What is being asked -
Everything from the line that contains "Mavi keten kumaştan, düğmeli" to the final line of the data, both ends included, must be set down exactly, apart from the pictures.

Data excerpt -
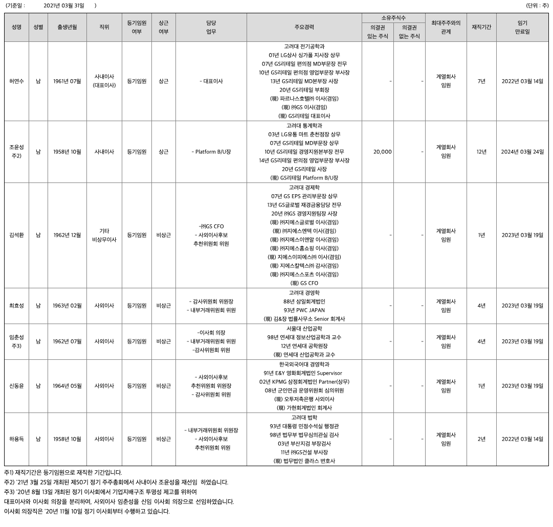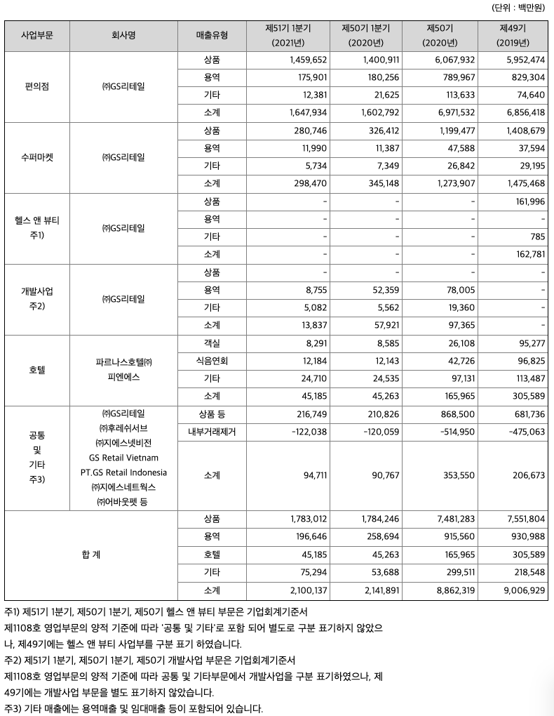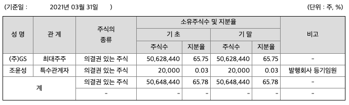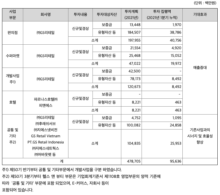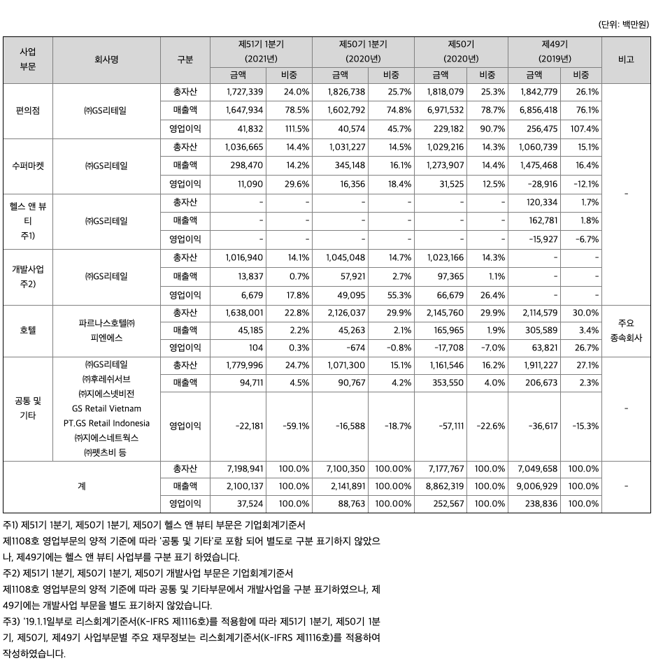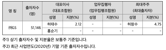 최근 반려용품 상품력 강화 및 온라인 플랫폼 구축을 위해 '18년 8월부터 (주)펫츠비에 지분 투자를 진행하였습니다. '21년 3월 (주)펫츠비는 (주)어바웃펫으로 상호를 변경하였으며, '21년 1분기말 기준 (주)어바웃펫에 대한 당사 지분율은 57.1% 입니다. 또한 다양한 플랫폼 사업 확대를 위해 '19년 1월 주차장 운영업체인 지에스파크이십사㈜ 지분 50.0%를 취득 하였습니다.
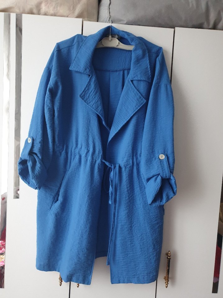 Mavi keten kumaştan, düğmeli ve yakalı, uzun kollu, bol midi ceket
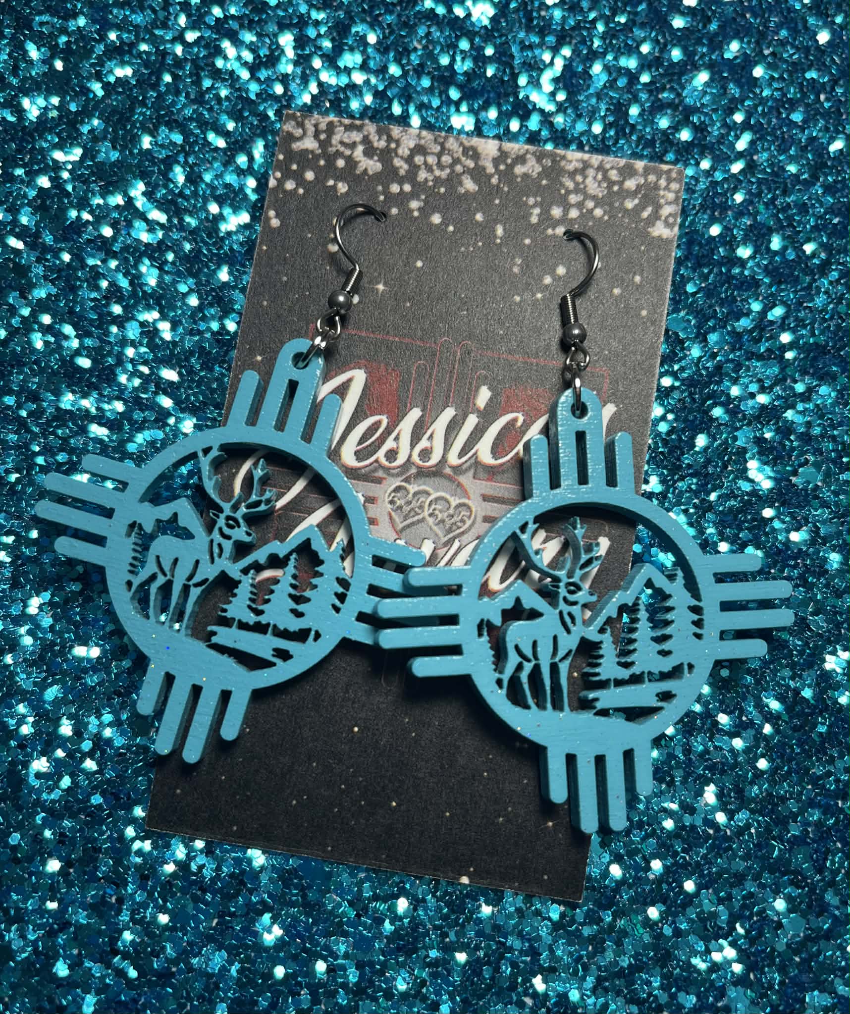 Very lightweight wooden Zia earrings with stainless steel hooks.

Answer to the problem -
 Mavi keten kumaştan, düğmeli ve yakalı, uzun kollu, bol midi ceket
 Very lightweight wooden Zia earrings with stainless steel hooks.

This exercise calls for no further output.